Problem requirements
Give the listing below again exactly, but without any of its pictures.

Dataset extract
========
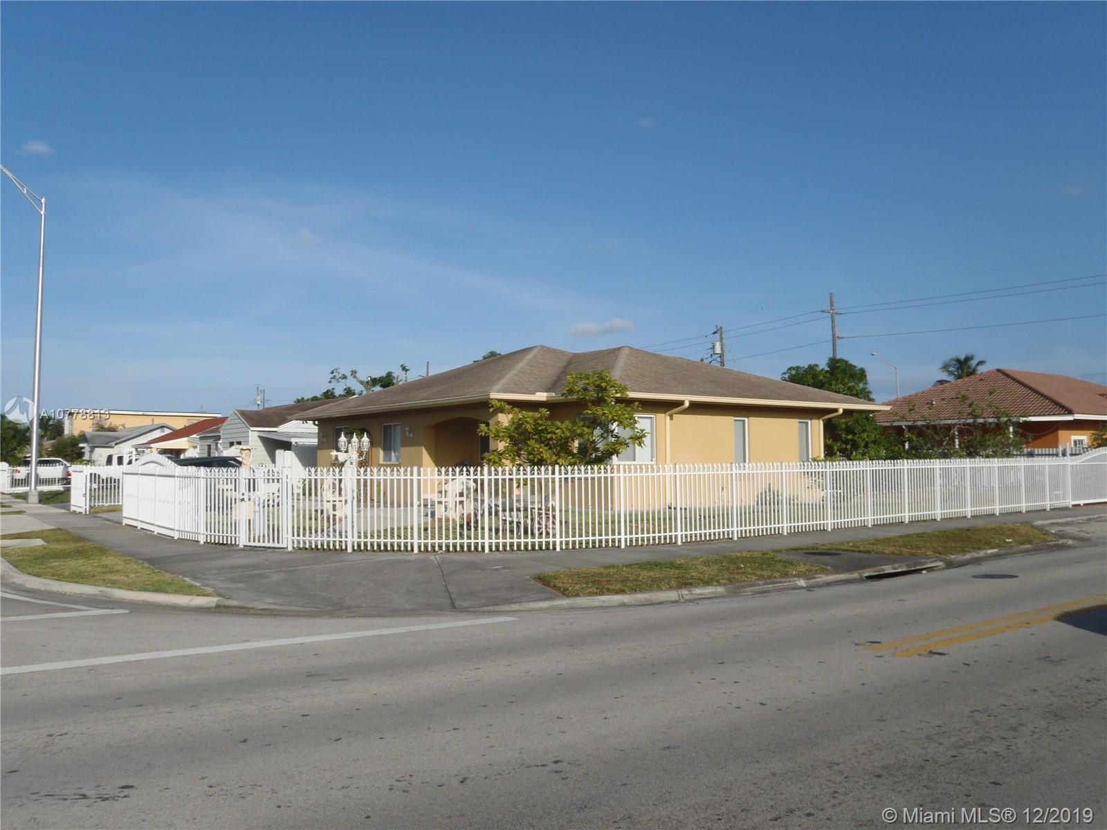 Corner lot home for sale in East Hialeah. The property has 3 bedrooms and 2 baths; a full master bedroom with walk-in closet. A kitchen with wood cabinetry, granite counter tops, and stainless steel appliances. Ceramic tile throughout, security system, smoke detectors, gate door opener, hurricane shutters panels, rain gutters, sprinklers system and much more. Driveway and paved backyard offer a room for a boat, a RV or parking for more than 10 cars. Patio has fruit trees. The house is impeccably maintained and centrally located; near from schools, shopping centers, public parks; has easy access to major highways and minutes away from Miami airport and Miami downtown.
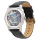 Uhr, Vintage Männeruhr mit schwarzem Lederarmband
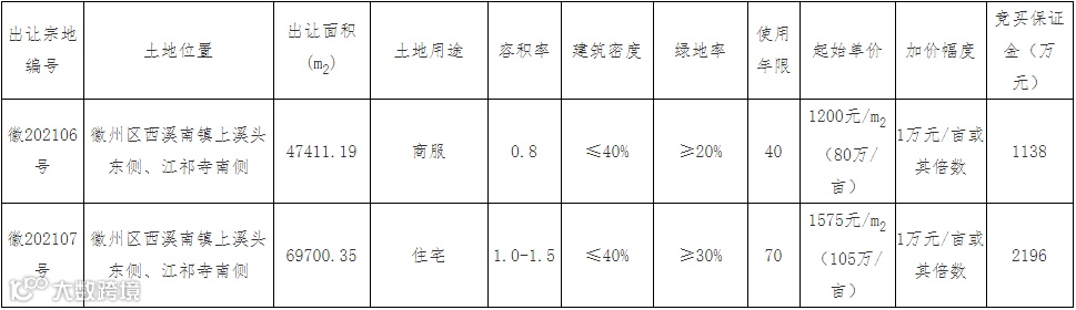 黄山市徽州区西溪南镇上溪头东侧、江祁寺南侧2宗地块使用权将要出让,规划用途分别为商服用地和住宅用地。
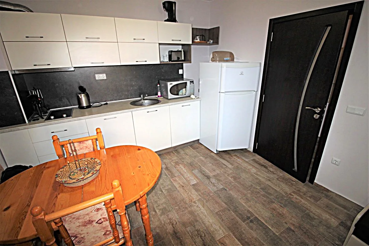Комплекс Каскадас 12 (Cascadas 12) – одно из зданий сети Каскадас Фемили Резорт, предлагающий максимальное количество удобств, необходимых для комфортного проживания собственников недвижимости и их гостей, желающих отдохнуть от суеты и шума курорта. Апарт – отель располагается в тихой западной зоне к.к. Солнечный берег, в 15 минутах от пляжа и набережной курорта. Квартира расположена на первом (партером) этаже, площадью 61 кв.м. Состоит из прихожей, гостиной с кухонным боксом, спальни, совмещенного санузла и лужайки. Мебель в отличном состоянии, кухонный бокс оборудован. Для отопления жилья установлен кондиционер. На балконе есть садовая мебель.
========
Answer box
 Corner lot home for sale in East Hialeah. The property has 3 bedrooms and 2 baths; a full master bedroom with walk-in closet. A kitchen with wood cabinetry, granite counter tops, and stainless steel appliances. Ceramic tile throughout, security system, smoke detectors, gate door opener, hurricane shutters panels, rain gutters, sprinklers system and much more. Driveway and paved backyard offer a room for a boat, a RV or parking for more than 10 cars. Patio has fruit trees. The house is impeccably maintained and centrally located; near from schools, shopping centers, public parks; has easy access to major highways and minutes away from Miami airport and Miami downtown.
 Uhr, Vintage Männeruhr mit schwarzem Lederarmband
 黄山市徽州区西溪南镇上溪头东侧、江祁寺南侧2宗地块使用权将要出让,规划用途分别为商服用地和住宅用地。
Комплекс Каскадас 12 (Cascadas 12) – одно из зданий сети Каскадас Фемили Резорт, предлагающий максимальное количество удобств, необходимых для комфортного проживания собственников недвижимости и их гостей, желающих отдохнуть от суеты и шума курорта. Апарт – отель располагается в тихой западной зоне к.к. Солнечный берег, в 15 минутах от пляжа и набережной курорта. Квартира расположена на первом (партером) этаже, площадью 61 кв.м. Состоит из прихожей, гостиной с кухонным боксом, спальни, совмещенного санузла и лужайки. Мебель в отличном состоянии, кухонный бокс оборудован. Для отопления жилья установлен кондиционер. На балконе есть садовая мебель.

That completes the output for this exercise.